Input data Start Marker

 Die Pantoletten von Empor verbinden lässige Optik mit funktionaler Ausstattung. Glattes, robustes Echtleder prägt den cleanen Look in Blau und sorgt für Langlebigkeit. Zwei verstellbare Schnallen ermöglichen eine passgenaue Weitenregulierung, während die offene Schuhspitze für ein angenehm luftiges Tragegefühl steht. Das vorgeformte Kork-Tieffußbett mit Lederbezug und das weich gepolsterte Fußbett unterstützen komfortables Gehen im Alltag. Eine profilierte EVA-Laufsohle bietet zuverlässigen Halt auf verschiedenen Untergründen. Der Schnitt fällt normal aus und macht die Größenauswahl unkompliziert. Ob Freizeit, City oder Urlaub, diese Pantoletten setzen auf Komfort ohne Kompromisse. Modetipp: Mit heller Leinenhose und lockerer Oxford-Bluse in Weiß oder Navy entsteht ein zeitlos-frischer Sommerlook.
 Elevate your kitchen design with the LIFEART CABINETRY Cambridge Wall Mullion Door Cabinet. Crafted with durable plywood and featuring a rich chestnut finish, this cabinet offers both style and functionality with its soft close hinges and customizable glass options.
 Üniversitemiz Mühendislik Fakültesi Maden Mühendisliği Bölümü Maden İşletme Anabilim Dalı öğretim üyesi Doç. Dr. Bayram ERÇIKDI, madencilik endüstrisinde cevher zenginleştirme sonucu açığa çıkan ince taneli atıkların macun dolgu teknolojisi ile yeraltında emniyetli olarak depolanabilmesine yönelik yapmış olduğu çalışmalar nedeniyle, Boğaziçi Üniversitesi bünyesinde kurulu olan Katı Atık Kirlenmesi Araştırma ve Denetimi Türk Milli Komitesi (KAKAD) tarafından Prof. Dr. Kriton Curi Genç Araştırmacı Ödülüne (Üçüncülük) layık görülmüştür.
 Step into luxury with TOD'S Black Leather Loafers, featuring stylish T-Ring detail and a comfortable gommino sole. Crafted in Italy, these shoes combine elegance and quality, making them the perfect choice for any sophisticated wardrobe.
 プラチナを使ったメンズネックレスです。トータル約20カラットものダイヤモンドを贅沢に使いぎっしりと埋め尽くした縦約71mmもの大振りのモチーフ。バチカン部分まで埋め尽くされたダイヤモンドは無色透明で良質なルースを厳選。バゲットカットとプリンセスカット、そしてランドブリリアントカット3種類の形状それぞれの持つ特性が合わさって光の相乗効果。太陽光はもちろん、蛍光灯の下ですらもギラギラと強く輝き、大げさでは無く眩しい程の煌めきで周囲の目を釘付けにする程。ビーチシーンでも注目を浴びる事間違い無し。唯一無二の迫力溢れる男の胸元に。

Input data End Marker

Reproduce each entry exactly, leaving out nothing.

 Die Pantoletten von Empor verbinden lässige Optik mit funktionaler Ausstattung. Glattes, robustes Echtleder prägt den cleanen Look in Blau und sorgt für Langlebigkeit. Zwei verstellbare Schnallen ermöglichen eine passgenaue Weitenregulierung, während die offene Schuhspitze für ein angenehm luftiges Tragegefühl steht. Das vorgeformte Kork-Tieffußbett mit Lederbezug und das weich gepolsterte Fußbett unterstützen komfortables Gehen im Alltag. Eine profilierte EVA-Laufsohle bietet zuverlässigen Halt auf verschiedenen Untergründen. Der Schnitt fällt normal aus und macht die Größenauswahl unkompliziert. Ob Freizeit, City oder Urlaub, diese Pantoletten setzen auf Komfort ohne Kompromisse. Modetipp: Mit heller Leinenhose und lockerer Oxford-Bluse in Weiß oder Navy entsteht ein zeitlos-frischer Sommerlook.
 Elevate your kitchen design with the LIFEART CABINETRY Cambridge Wall Mullion Door Cabinet. Crafted with durable plywood and featuring a rich chestnut finish, this cabinet offers both style and functionality with its soft close hinges and customizable glass options.
 Üniversitemiz Mühendislik Fakültesi Maden Mühendisliği Bölümü Maden İşletme Anabilim Dalı öğretim üyesi Doç. Dr. Bayram ERÇIKDI, madencilik endüstrisinde cevher zenginleştirme sonucu açığa çıkan ince taneli atıkların macun dolgu teknolojisi ile yeraltında emniyetli olarak depolanabilmesine yönelik yapmış olduğu çalışmalar nedeniyle, Boğaziçi Üniversitesi bünyesinde kurulu olan Katı Atık Kirlenmesi Araştırma ve Denetimi Türk Milli Komitesi (KAKAD) tarafından Prof. Dr. Kriton Curi Genç Araştırmacı Ödülüne (Üçüncülük) layık görülmüştür.
 Step into luxury with TOD'S Black Leather Loafers, featuring stylish T-Ring detail and a comfortable gommino sole. Crafted in Italy, these shoes combine elegance and quality, making them the perfect choice for any sophisticated wardrobe.
 プラチナを使ったメンズネックレスです。トータル約20カラットものダイヤモンドを贅沢に使いぎっしりと埋め尽くした縦約71mmもの大振りのモチーフ。バチカン部分まで埋め尽くされたダイヤモンドは無色透明で良質なルースを厳選。バゲットカットとプリンセスカット、そしてランドブリリアントカット3種類の形状それぞれの持つ特性が合わさって光の相乗効果。太陽光はもちろん、蛍光灯の下ですらもギラギラと強く輝き、大げさでは無く眩しい程の煌めきで周囲の目を釘付けにする程。ビーチシーンでも注目を浴びる事間違い無し。唯一無二の迫力溢れる男の胸元に。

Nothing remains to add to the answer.